Labeled Samples object for less verbose plotting

Open janfb opened this issue 4 months ago • 0 comments

Context

pairplot refactoring in #1631 introduces typed options and upper/lower/diag API; offdiag is deprecated.
Pain point remains: users still pass many repeated args (labels, limits, ticks) in tutorials (see docs/advanced_tutorials/17_plotting_functionality.ipynb).
Proposal below reduces boilerplate and error-prone dimension bookkeeping by encapsulating per-dataset metadata.

Proposal

LabeledSamples dataclass (or NamedTuple) in sbi.analysis

Fields:
- data: np.ndarray | torch.Tensor, shape (N, D)
- dim_labels: list[str] length D (optional; defaults to ["θ1", "θ2", ...])
- Optional: ticks: Optional[List[Tuple[float, float]]], limits: Optional[List[Tuple[float, float]]]
Contract:
- pairplot and marginal_plot accept either raw arrays or LabeledSamples.
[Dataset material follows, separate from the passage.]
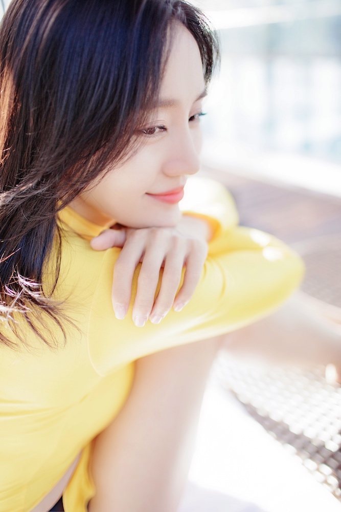 王智身穿柠檬黄上衣黑色短裤,身材纤瘦双腿细又长,笑眼弯弯明媚动人,给人健康活力的感觉。
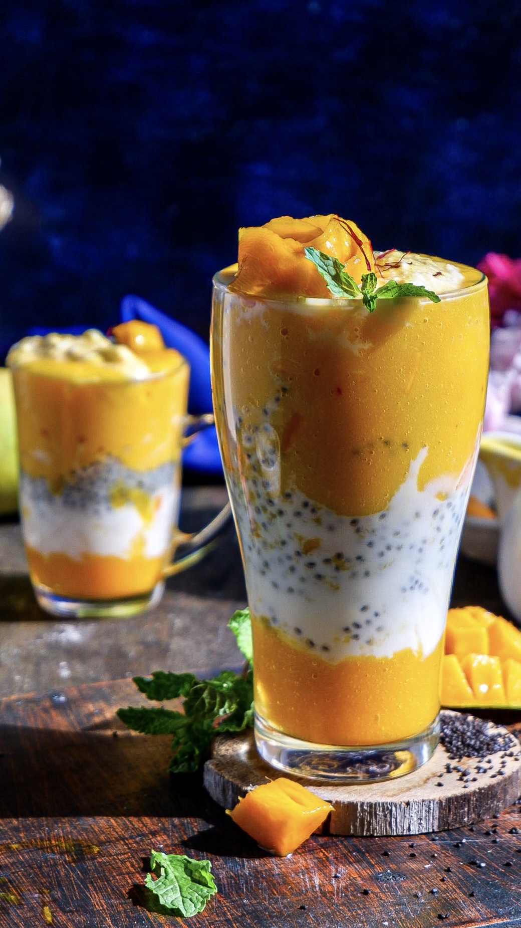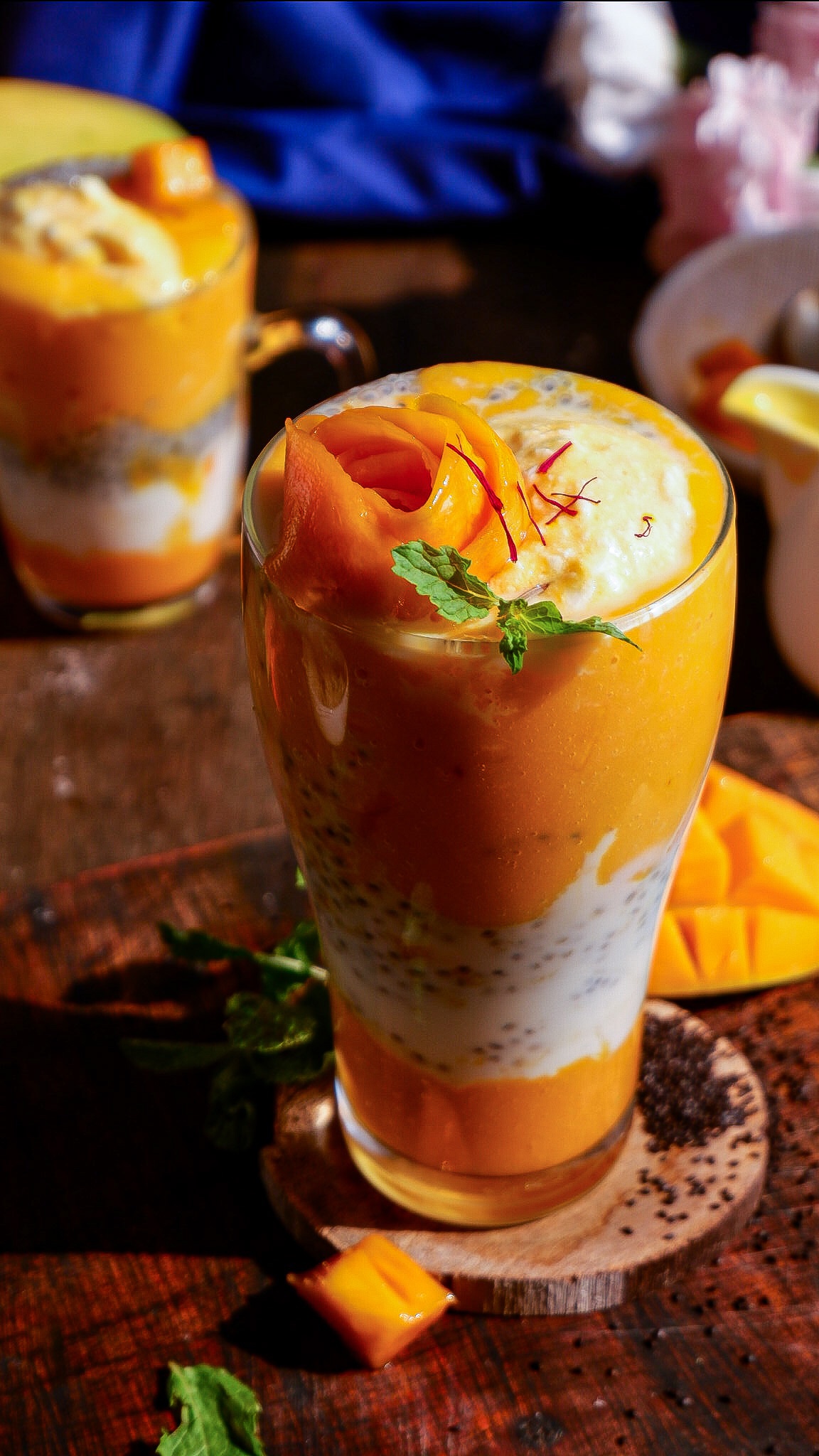 5. 1/2 cup mango puree + 1/2 cup skim milk + punch of saffron blend in a mixer make a smoothie

When provided:
  - Use dim_labels if labels arg not supplied.
  - Use limits inline if limits arg not supplied.
  - Use ticks inline if ticks arg not supplied.
- Support list of LabeledSamples to overlay multiple sources; FigOptions.samples_labels defaults to the .name or generated labels if present.
Interop:
- A from_xarray(dataarray) constructor could leverage xarray’s named dimensions and coordinates (optional; follow-up).

Migration

Backward compatible: continue supporting raw arrays; adopt container to reduce passing repeated labels/ticks in every call.
Precedence: explicit function args override container metadata.

Benefits

Encapsulates dimension labeling and axis metadata in one place.
Simplifies notebook and pipeline code; fewer chances for label/order mismatches.
Autocomplete-friendly, aligns with stronger typing direction from this branch.

Minimal sketch

from dataclasses import dataclass
from typing import List, Optional, Tuple, Union
import numpy as np
import torch

ArrayLike = Union[np.ndarray, torch.Tensor]

@dataclass(frozen=True)
class LabeledSamples:
    name: Optional[str] = None
    data: ArrayLike = None  # shape (N, D)
    dim_labels: Optional[List[str]] = None
    limits: Optional[List[Tuple[float, float]]] = None
    ticks: Optional[List[Tuple[float, float]]] = None

# prepare_for_plot() detects LabeledSamples, unpacks metadata,
# and prefers explicit function args over container fields.

More context:

open questions
- Defaults for samples-level labels/colors when mixing raw arrays and LabeledSamples.
- Whether limits are per-sample-set or global; if mixed, choose intersection/union or prefer first.
- Validation surface: check D consistency across overlaid datasets and metadata lengths.
- Immutability (frozen=True) and torch/numpy conversion policy at boundaries.
- Export location and public API: sbi.analysis export for discoverability.
Impact on docs/tests
- Update 17_plotting_functionality.ipynb to show both raw arrays and LabeledSamples flows.
- Add smoke tests for container + precedence rules; type tests for dim_labels length and limits shape.
- Re-export LabeledSamples from sbi.analysis in init.py.
Suggested steps (one or several PRs depending on size)
- Introduce LabeledSamples, wire into prepare_for_plot, add precedence + validation.
- Update tutorials and add unit tests; add from_xarray helper (optional).
- Consider deprecation notice in docs encouraging container for repeated plotting scenarios.

Sep 18 '25 06:09 janfb